• _ASSIGNMENT_
The answer must give back every line of the data exactly, with no pictures.

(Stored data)
● ● ●
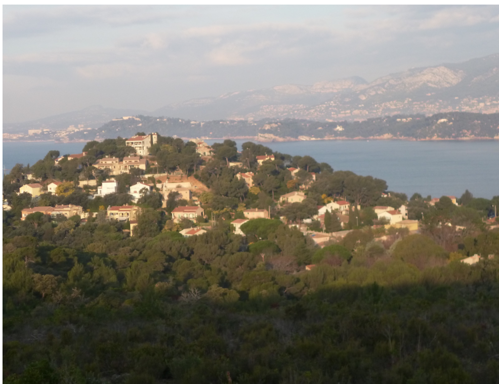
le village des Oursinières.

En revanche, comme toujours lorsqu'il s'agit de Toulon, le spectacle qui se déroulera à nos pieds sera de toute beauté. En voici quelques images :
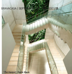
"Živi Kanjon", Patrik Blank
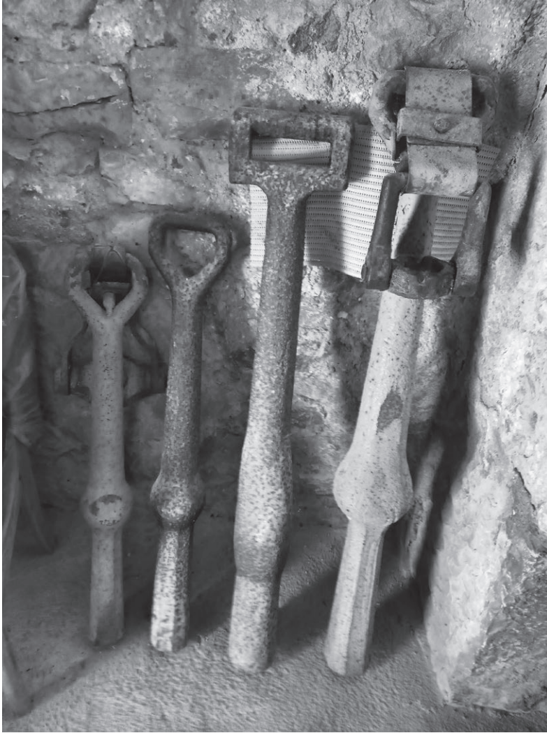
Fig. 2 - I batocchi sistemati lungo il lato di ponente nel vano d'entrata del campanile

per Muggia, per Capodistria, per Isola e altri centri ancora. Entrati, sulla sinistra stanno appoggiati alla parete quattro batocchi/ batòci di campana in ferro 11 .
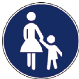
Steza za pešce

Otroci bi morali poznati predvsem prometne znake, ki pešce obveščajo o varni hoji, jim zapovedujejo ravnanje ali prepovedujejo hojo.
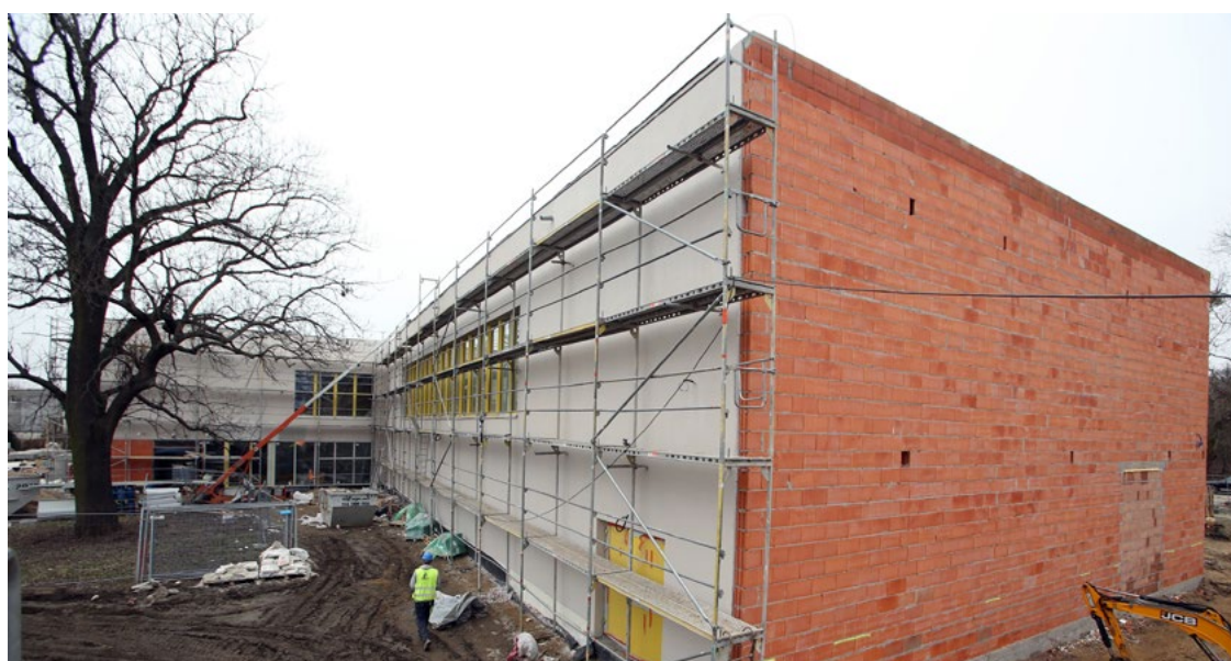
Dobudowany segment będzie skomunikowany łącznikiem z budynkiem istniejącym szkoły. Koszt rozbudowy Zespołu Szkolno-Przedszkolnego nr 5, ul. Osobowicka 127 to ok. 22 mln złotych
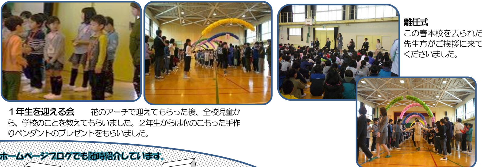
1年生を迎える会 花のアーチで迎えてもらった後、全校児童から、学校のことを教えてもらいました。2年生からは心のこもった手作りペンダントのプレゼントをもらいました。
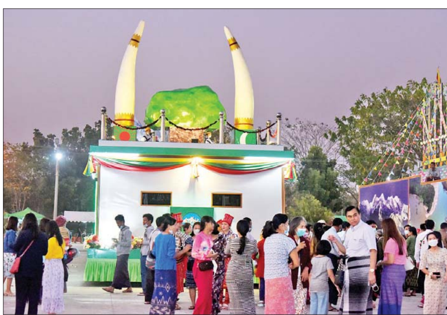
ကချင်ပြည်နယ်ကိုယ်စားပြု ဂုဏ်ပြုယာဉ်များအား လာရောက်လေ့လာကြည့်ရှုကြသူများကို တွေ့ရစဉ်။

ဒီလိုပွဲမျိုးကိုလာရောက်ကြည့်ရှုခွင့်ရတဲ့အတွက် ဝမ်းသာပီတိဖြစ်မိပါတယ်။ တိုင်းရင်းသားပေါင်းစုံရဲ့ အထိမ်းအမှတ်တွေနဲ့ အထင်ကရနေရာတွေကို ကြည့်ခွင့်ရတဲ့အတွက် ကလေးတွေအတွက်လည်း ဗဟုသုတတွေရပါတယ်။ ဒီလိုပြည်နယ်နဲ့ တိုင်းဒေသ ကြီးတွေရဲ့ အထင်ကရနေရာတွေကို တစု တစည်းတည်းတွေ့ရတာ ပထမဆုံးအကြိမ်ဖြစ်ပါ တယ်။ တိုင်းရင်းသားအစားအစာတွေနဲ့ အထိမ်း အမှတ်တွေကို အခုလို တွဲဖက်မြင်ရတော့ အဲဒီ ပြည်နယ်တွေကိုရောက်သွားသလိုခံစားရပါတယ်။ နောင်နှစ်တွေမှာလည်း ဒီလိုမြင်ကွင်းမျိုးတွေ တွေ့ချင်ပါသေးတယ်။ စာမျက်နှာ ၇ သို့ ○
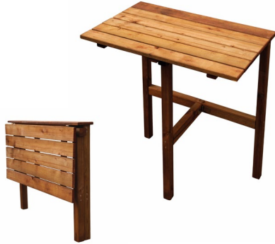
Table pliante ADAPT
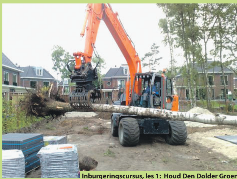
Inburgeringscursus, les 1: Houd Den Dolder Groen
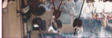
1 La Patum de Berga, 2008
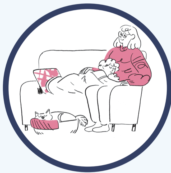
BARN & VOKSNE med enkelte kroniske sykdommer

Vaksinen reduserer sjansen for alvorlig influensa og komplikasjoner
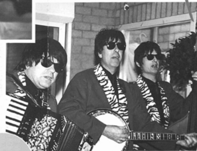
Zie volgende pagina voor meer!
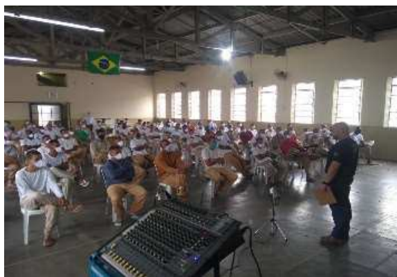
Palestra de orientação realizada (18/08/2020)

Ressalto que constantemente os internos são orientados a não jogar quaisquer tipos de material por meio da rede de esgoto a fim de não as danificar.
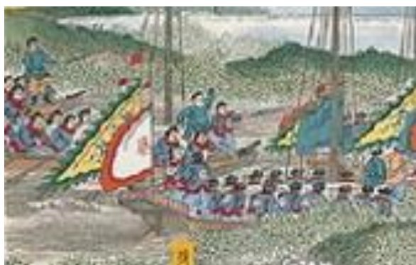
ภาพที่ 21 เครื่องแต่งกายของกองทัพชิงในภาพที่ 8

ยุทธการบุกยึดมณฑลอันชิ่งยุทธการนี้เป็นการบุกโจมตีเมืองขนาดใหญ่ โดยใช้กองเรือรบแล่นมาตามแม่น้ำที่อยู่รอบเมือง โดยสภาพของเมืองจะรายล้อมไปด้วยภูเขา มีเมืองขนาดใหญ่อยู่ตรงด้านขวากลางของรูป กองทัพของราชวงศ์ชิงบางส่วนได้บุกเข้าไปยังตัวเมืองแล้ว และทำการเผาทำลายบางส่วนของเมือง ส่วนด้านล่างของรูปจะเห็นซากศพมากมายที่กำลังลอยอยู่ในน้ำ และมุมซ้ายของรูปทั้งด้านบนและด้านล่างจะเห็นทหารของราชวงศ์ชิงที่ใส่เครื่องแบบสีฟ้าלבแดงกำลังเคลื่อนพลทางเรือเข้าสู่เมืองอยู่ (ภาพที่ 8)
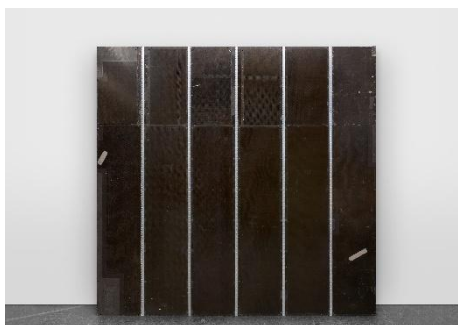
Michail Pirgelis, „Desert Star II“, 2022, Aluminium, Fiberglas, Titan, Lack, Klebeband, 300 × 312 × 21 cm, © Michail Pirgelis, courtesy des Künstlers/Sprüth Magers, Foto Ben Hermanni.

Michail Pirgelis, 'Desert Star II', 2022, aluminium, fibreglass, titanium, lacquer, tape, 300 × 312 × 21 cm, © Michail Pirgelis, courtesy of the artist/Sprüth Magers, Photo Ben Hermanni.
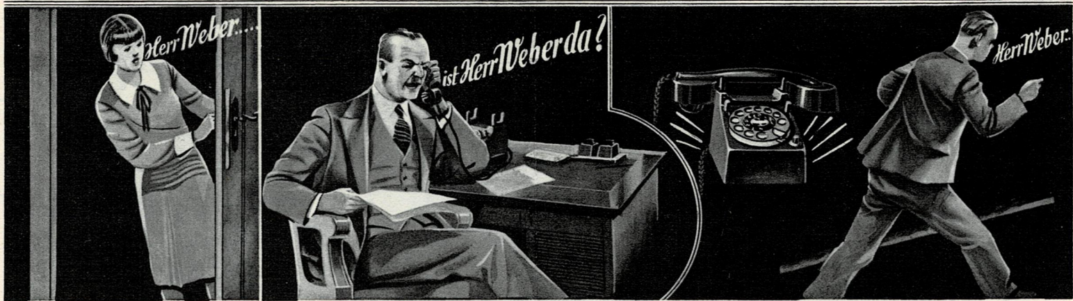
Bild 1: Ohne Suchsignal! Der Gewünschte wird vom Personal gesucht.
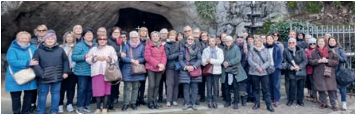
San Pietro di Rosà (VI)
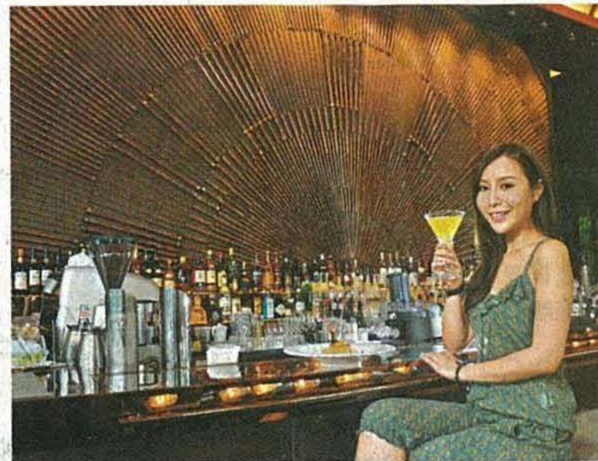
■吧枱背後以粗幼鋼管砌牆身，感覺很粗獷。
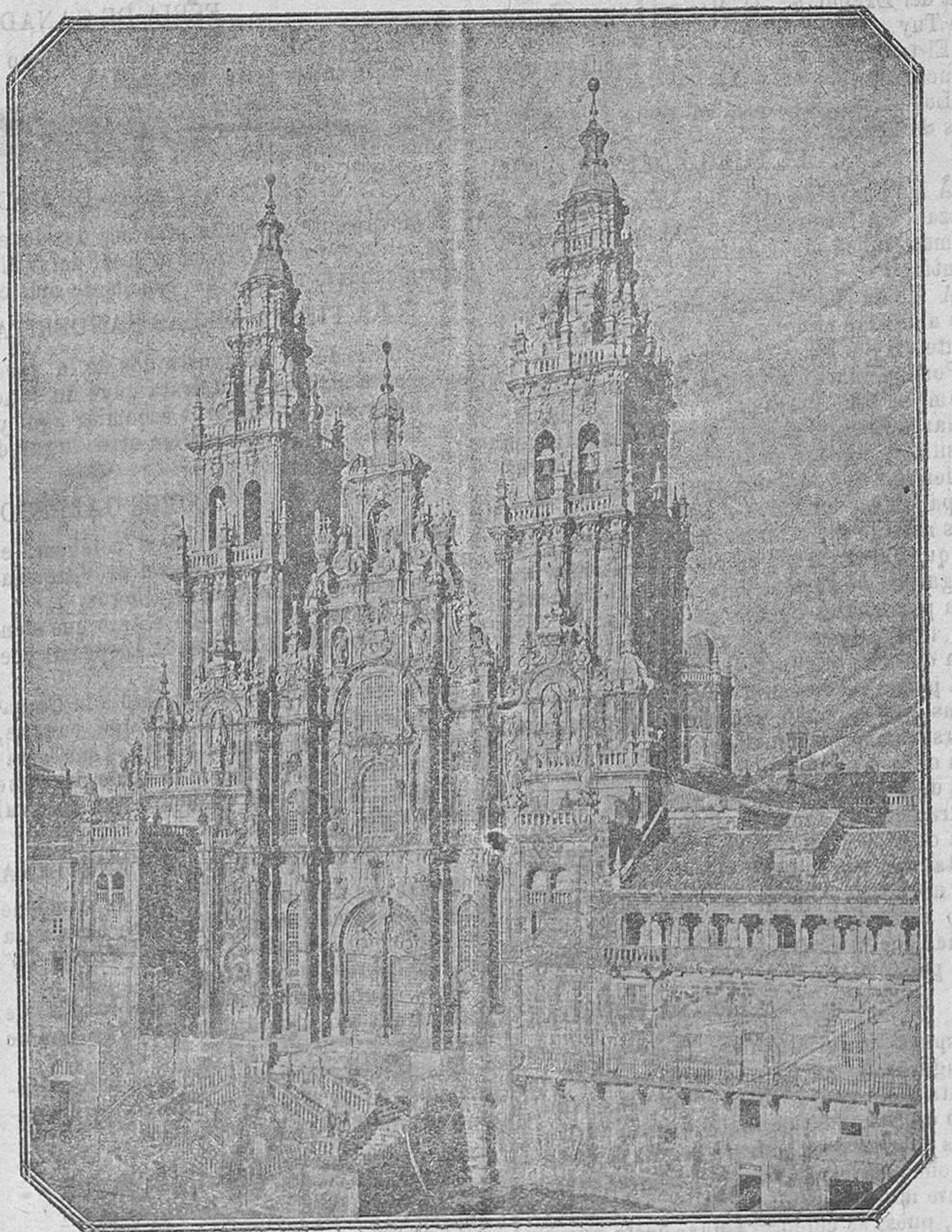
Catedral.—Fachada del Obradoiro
● ● ●
• _RESPONSE_
le village des Oursinières.

En revanche, comme toujours lorsqu'il s'agit de Toulon, le spectacle qui se déroulera à nos pieds sera de toute beauté. En voici quelques images :
"Živi Kanjon", Patrik Blank
Fig. 2 - I batocchi sistemati lungo il lato di ponente nel vano d'entrata del campanile

per Muggia, per Capodistria, per Isola e altri centri ancora. Entrati, sulla sinistra stanno appoggiati alla parete quattro batocchi/ batòci di campana in ferro 11 .
Steza za pešce

Otroci bi morali poznati predvsem prometne znake, ki pešce obveščajo o varni hoji, jim zapovedujejo ravnanje ali prepovedujejo hojo.
Dobudowany segment będzie skomunikowany łącznikiem z budynkiem istniejącym szkoły. Koszt rozbudowy Zespołu Szkolno-Przedszkolnego nr 5, ul. Osobowicka 127 to ok. 22 mln złotych
1年生を迎える会 花のアーチで迎えてもらった後、全校児童から、学校のことを教えてもらいました。2年生からは心のこもった手作りペンダントのプレゼントをもらいました。
ကချင်ပြည်နယ်ကိုယ်စားပြု ဂုဏ်ပြုယာဉ်များအား လာရောက်လေ့လာကြည့်ရှုကြသူများကို တွေ့ရစဉ်။

ဒီလိုပွဲမျိုးကိုလာရောက်ကြည့်ရှုခွင့်ရတဲ့အတွက် ဝမ်းသာပီတိဖြစ်မိပါတယ်။ တိုင်းရင်းသားပေါင်းစုံရဲ့ အထိမ်းအမှတ်တွေနဲ့ အထင်ကရနေရာတွေကို ကြည့်ခွင့်ရတဲ့အတွက် ကလေးတွေအတွက်လည်း ဗဟုသုတတွေရပါတယ်။ ဒီလိုပြည်နယ်နဲ့ တိုင်းဒေသ ကြီးတွေရဲ့ အထင်ကရနေရာတွေကို တစု တစည်းတည်းတွေ့ရတာ ပထမဆုံးအကြိမ်ဖြစ်ပါ တယ်။ တိုင်းရင်းသားအစားအစာတွေနဲ့ အထိမ်း အမှတ်တွေကို အခုလို တွဲဖက်မြင်ရတော့ အဲဒီ ပြည်နယ်တွေကိုရောက်သွားသလိုခံစားရပါတယ်။ နောင်နှစ်တွေမှာလည်း ဒီလိုမြင်ကွင်းမျိုးတွေ တွေ့ချင်ပါသေးတယ်။ စာမျက်နှာ ၇ သို့ ○
Table pliante ADAPT
Inburgeringscursus, les 1: Houd Den Dolder Groen
1 La Patum de Berga, 2008
BARN & VOKSNE med enkelte kroniske sykdommer

Vaksinen reduserer sjansen for alvorlig influensa og komplikasjoner
Zie volgende pagina voor meer!
Palestra de orientação realizada (18/08/2020)

Ressalto que constantemente os internos são orientados a não jogar quaisquer tipos de material por meio da rede de esgoto a fim de não as danificar.
ภาพที่ 21 เครื่องแต่งกายของกองทัพชิงในภาพที่ 8

ยุทธการบุกยึดมณฑลอันชิ่งยุทธการนี้เป็นการบุกโจมตีเมืองขนาดใหญ่ โดยใช้กองเรือรบแล่นมาตามแม่น้ำที่อยู่รอบเมือง โดยสภาพของเมืองจะรายล้อมไปด้วยภูเขา มีเมืองขนาดใหญ่อยู่ตรงด้านขวากลางของรูป กองทัพของราชวงศ์ชิงบางส่วนได้บุกเข้าไปยังตัวเมืองแล้ว และทำการเผาทำลายบางส่วนของเมือง ส่วนด้านล่างของรูปจะเห็นซากศพมากมายที่กำลังลอยอยู่ในน้ำ และมุมซ้ายของรูปทั้งด้านบนและด้านล่างจะเห็นทหารของราชวงศ์ชิงที่ใส่เครื่องแบบสีฟ้าלבแดงกำลังเคลื่อนพลทางเรือเข้าสู่เมืองอยู่ (ภาพที่ 8)
Michail Pirgelis, „Desert Star II“, 2022, Aluminium, Fiberglas, Titan, Lack, Klebeband, 300 × 312 × 21 cm, © Michail Pirgelis, courtesy des Künstlers/Sprüth Magers, Foto Ben Hermanni.

Michail Pirgelis, 'Desert Star II', 2022, aluminium, fibreglass, titanium, lacquer, tape, 300 × 312 × 21 cm, © Michail Pirgelis, courtesy of the artist/Sprüth Magers, Photo Ben Hermanni.
Bild 1: Ohne Suchsignal! Der Gewünschte wird vom Personal gesucht.
San Pietro di Rosà (VI)
■吧枱背後以粗幼鋼管砌牆身，感覺很粗獷。
Catedral.—Fachada del Obradoiro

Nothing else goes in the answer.